For the past few years I’ve made a serious effort to put a dent in my stash. My stash of yarn.
I’m a keen knitter, an occasional crocheter and a spinning dilettante and like a lot of crafters, I went through an initial stage of buying a lot of yarn.
While I never quite hit SABLE (Stash Acquired Beyond Life Expectancy) at one point I definitely had enough to see me through five years, and I was still buying more.
We don’t really hoard beer, and we do it even less since moving to Bristol. This is partly because we drank all of our stash prior to the move from Cornwall, and also because in Bristol, until lockdown began, we had access to an enormous range of beer in pubs and just didn’t feel the need to carry high stocks at home.
However, we have had special bottles that feel too precious to drink, or for which it never felt like the right time.
So there are some parallels with the approach to yarn – specifically that sense of not wanting to knit/drink what you have, because it’s either not exactly what you want, or because it’s too precious to use up.
Yarn, like beer, might be a limited edition – you may never be able to get that exact same colour/recipe again.
Of course, in some ways stash-busting yarn and beer are very different.
Once you’ve drunk a beer, it’s gone, whereas the yarn lives on in what you knit from it.
And some beers might improve with age (we’ve written more about that here) whereas yarn will not.
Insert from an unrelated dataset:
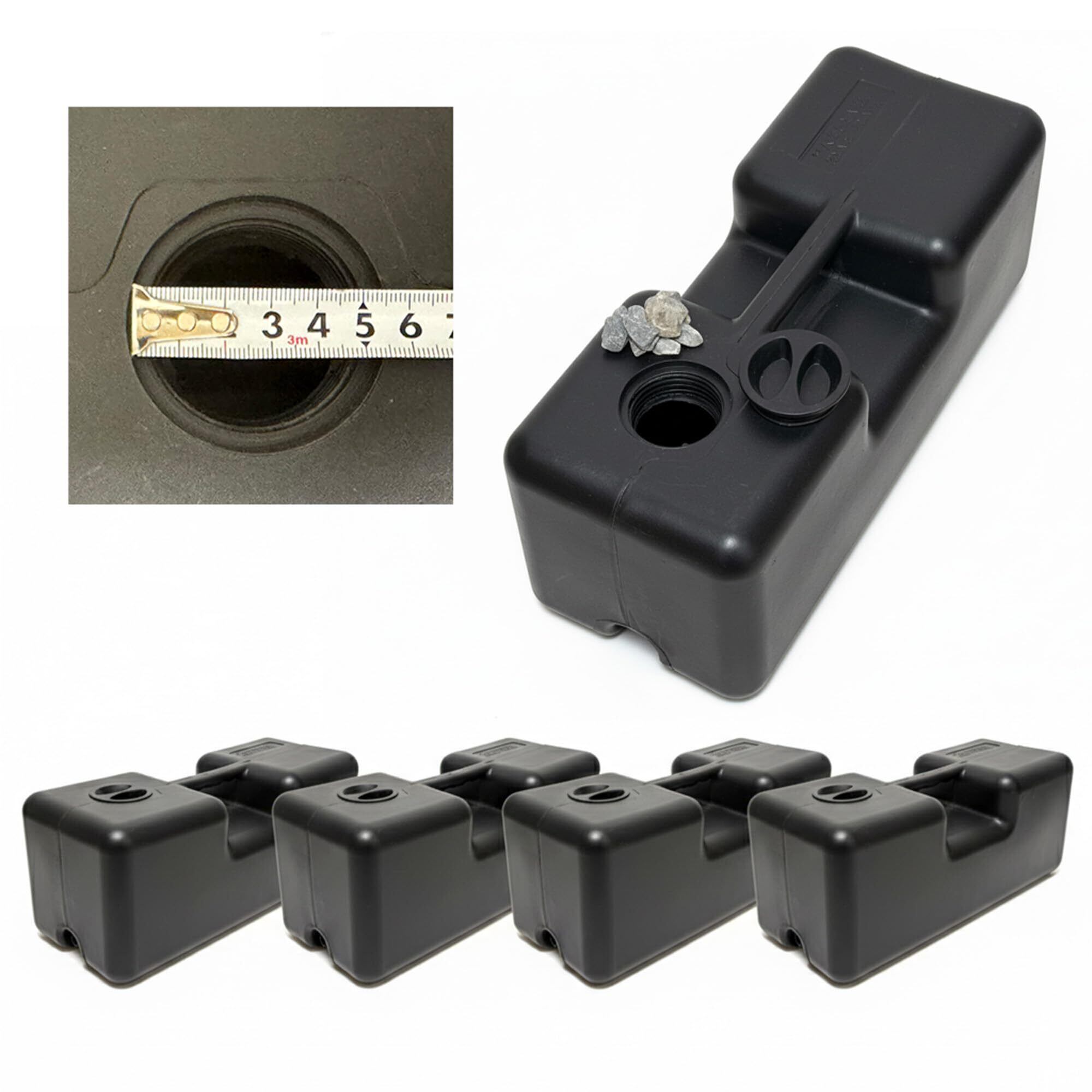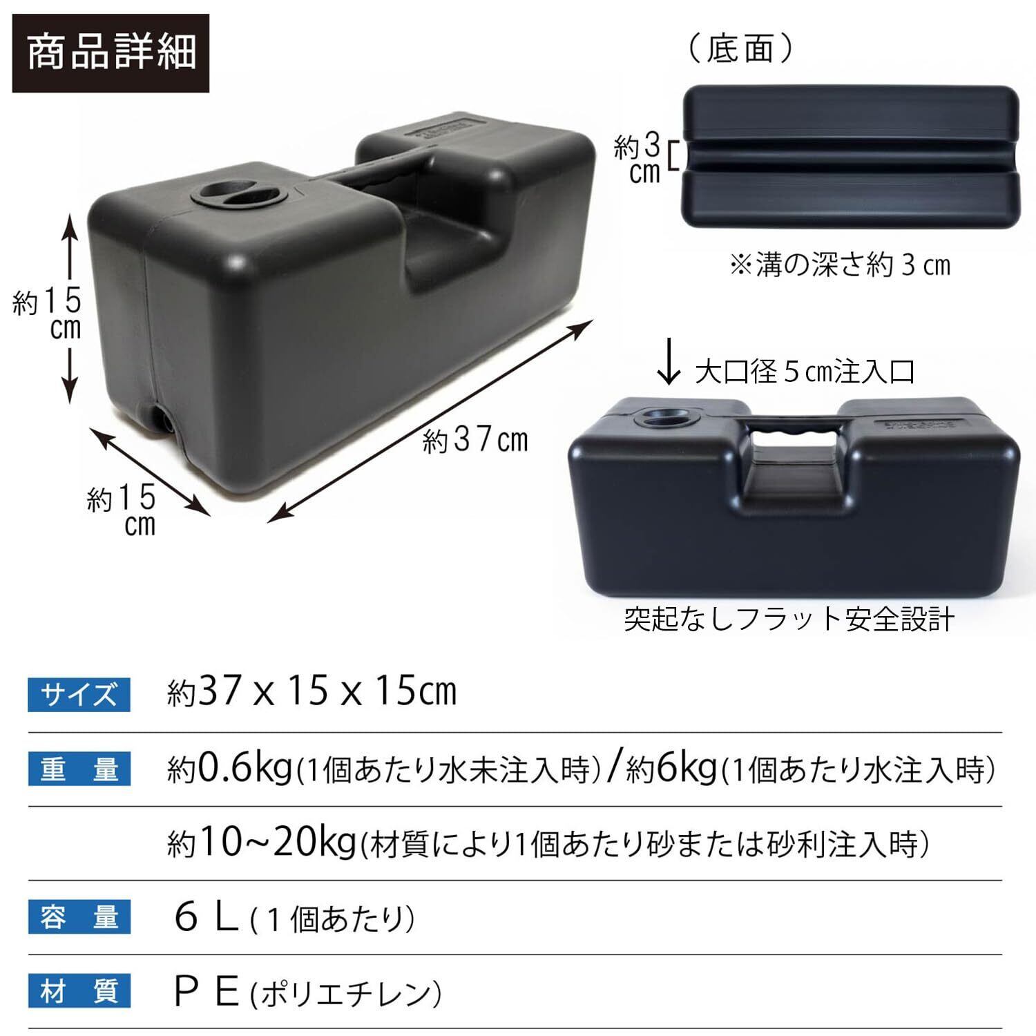 【商品内容】重石4個セット 容量:6L/1個あたり サイズ:幅37奥行15高さ15cm 溝の幅と深さ3㎝ 素材:ポリプロピレン 注入口口径:5㎝

I joined a couple of groups on Ravelry, the social website for knitters, that are specifically focused on helping people use up their yarn stash. It works by setting challenges which you opt in to depending on which approaches suit you best.
The hardcore go for ‘cold sheeping’, which is all about measuring the amount of time since your last yarn purchase. More successful in my case have been challenges focused on using up a certain yardage in a certain time, or setting yourself a three-out, one-in limit – play with the toys you’ve got before you buy a new one.
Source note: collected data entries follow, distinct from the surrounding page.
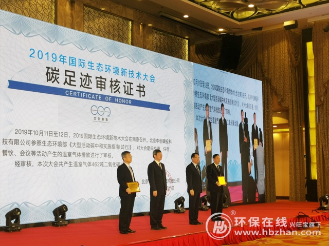 圖為2019國(guó)際生態(tài)環(huán)境新技術(shù)大會(huì) 中創(chuàng)碳投榮獲證書(shū)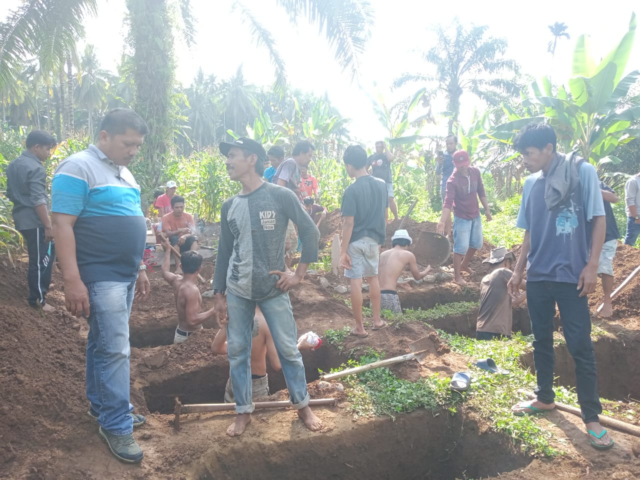 Proses pemindahan yang dihadiri keluarga warga yang dikuburkan termasuk warga Kampung Baru, Sungai Jariang yang didampingi Kasi Jaminan Bantuan Sosial Dinsos Agam Windra Fitri dan aparat pemerintah nagari persiapan Sungai Jariang Lubukbasung.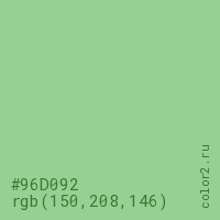 Цвет #96D092 в цветовой модели RGB обозначается тремя октетами (150, 208, 146) в десятичном формате и #96D092 в шестнадцатиричном (hex) формате, которые являются интенсивностью красного 150 (hex 96), интенсивность зелёного 208 (hex D0) и интенсивность синего 146 (hex 92).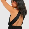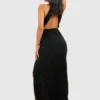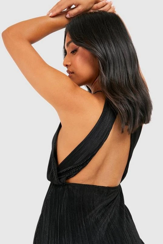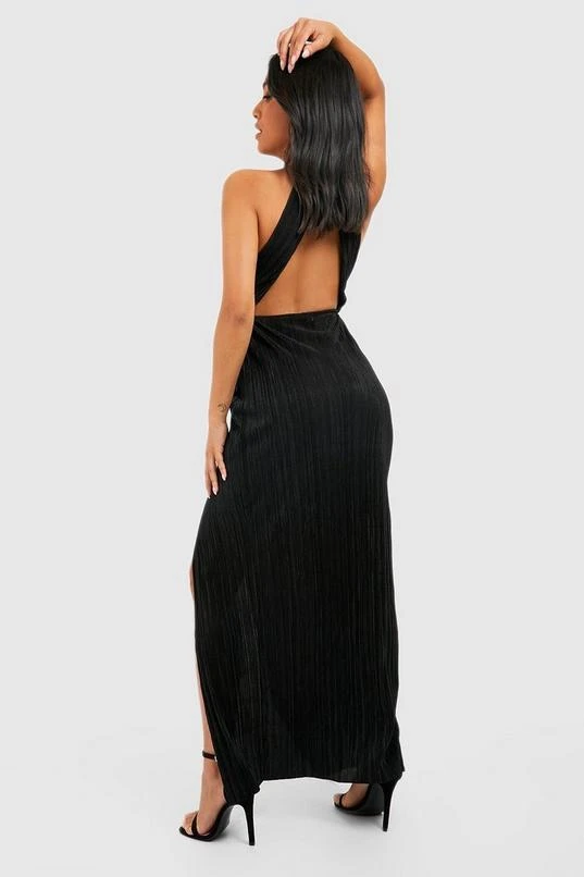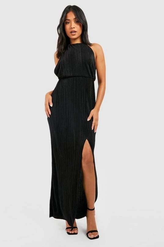 BOOHOO Petite Plisse Pleated Thigh Split Maxi Dress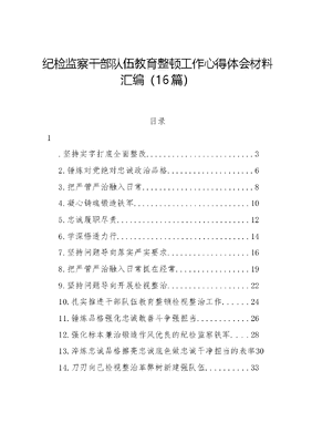 纪检监察干部队伍教育整顿工作心得体会材料汇编(16篇)目录1.坚持实字打底全面整改.32.锤炼对党绝对忠诚政治品格..63.把严管严治融入日常..84.凝心铸魂锻造铁军105.忠诚履职尽责.126.学深悟透力行.147.坚持问题导向落实严实要求.168.把严管严治融入日常抓在经常..199.坚持问题导向开展检视整治.2210.扎实推进干部队伍教育整顿检视整治工作2411.锤炼品格强化忠诚敢善斗争强担当2612.强化标本兼治锻造作风优良的纪检监察铁军.2813.淬炼忠诚品格擦亮忠诚底色做忠诚干净担当的表率3014.刀刃向己检视整治革弊树新建强队伍.3315.淬炼忠诚本色,提升基层党风廉政建设质效.3516.发扬斗争精神,做党的忠诚卫士..3717.严字当头抓整顿建强队伍铸铁军39坚持实字打底全面整改开展纪检监察干部队伍教育整顿,是从政治上建设纪检监察干部队伍、确保忠诚干净担当的必然要求。要深刻认识开展教育整顿的重大意义,自觉接受刻骨铭心的革命性锻造和深入灵魂的精神洗礼,以铁的纪律维护纪检监察干部队伍纯洁性,锻造纯度更高、成色更足的铁军。以学铸魂,确保学习教育入脑入心。坚持把学习教育作为重要环节、贯穿始终,强化理论武装,筑牢政治忠诚。绝对忠诚于党。坚持不懈用XXX新时代中国特色社会主义思想凝心铸魂,严格落实第一议题制度和理论学习中心组学习制度,不断夯实思想根基,把对两个确立的坚定拥护转化为两个维护的自觉行动。绝对忠诚于人民。牢固树立人民至上的理念,用好联、访、督、评、改工作法和社会化征集意见建议平台,主动请群众把脉、自觉受群众监督、真诚让群众评判、勤恳为群众解难。绝对忠诚于纪检监察事业。开展河洛纪检监察论坛等活动,引导纪检监察干部树立正确的权力观、政绩观、事业观,不断探索党风廉政建设和反腐败斗争的新办法、新举措、新途径,推动纪检监察工作高质量发展。以严律己,确保检视整治真刀真枪。坚持问题导向,把问题弄清楚、把症结查明白、把整改搞扎实。坚持严字当头清理门户。对党的十八大以来受理的问题线索起底梳理、归口管理;对反映具体、指向明确、核查条件成熟的问题线索,立查立处、严查严处;对已办结但教育整顿期间又反映集中的进行回头看,坚决清除害群之马。坚持细字着力查纠问题。全面进行自查自纠,对教育整顿期间主动讲清问题的依规依纪依法从宽处理,对心存侥幸、妄图蒙混过关甚至对抗组织审查调查的坚决从严查处。坚持实字打底全面整改。对照XXXXXX对纪检监察干部队伍建设的重要指示批示,按照中央纪委国家监委部署要求,全面开展谈心谈话、自查自纠。针对突出问题、典型问题、普遍性问题开展专项治理,做到问题不解决不松劲、解决不彻底不放手,打造忠诚干净担当的纪检监察队伍。以干为要,确保巩固提升常态长效。坚持当下改与长久立相结合,以新气象新作为推动纪检监察工作高质量发展取得新成效。健全内控机制,做到严管严治。优化工作流程,健全内控机制,完善管思想、管工作、管作风、管纪律的全面从严管理机制,加强对内控制度执行情况的监督检查,把监督执纪执法权关进制度笼子。大兴调查研究,提升履职本领。把调查研究、学习探索、实践锻炼贯穿教育整顿始终,扎实开展业务讲堂、专题培训、支部研学、主题党日活动,实施重点课题大调研,班子带队深入基层学习调研,切实提升能力水平。牢记职责使命,勇担时代重任。紧紧围绕国之大者找准工作切入点、着力点,一刻不停推进全面从严治党,为经济社会高质量发展营造风清气正的政治生态和良好发展环境。锤炼对党绝对忠诚政治品格开展纪检监察干部队伍教育整顿,是党中央着眼锻造高素质纪检监察干部队伍作出的重大决策部署,是对干部队伍忠诚纯度和卫士成色的直接检验。教育整顿开展以来,xx市纪委监委把锤炼对党绝对忠诚的政治品格作为贯穿教育整顿的主线,以学习教育为先导,一体推进检视整治、巩固提升等工作,教育引导全市纪检监察干部筑牢忠诚、淬炼忠诚、践行忠诚、彰显忠诚。深化学习教育,在纯洁思想中筑牢忠诚。理论上的认同是最根本的认同,思想上的追随是最内在的追随,对党忠诚首先要打牢思想根基。开展教育整顿,要牢牢抓住学习教育这个根本,坚持不懈用XXX新时代中国特色社会主义思想

My favourite is a challenge where you designate some specific items of stash that need to be used by the end of the year or you have to give them away. This also works really well for books – you know, the ones you’re definitely going to get round to reading some day, but which just clutter the house for decades on end.
And this can definitely also apply to beer, given that most of it doesn’t age especially well.
Some of the mantras apply to both, too. “Shop the stash!”; “You can always buy more when you’ve used what you’ve got!”; “You can’t take it with you!”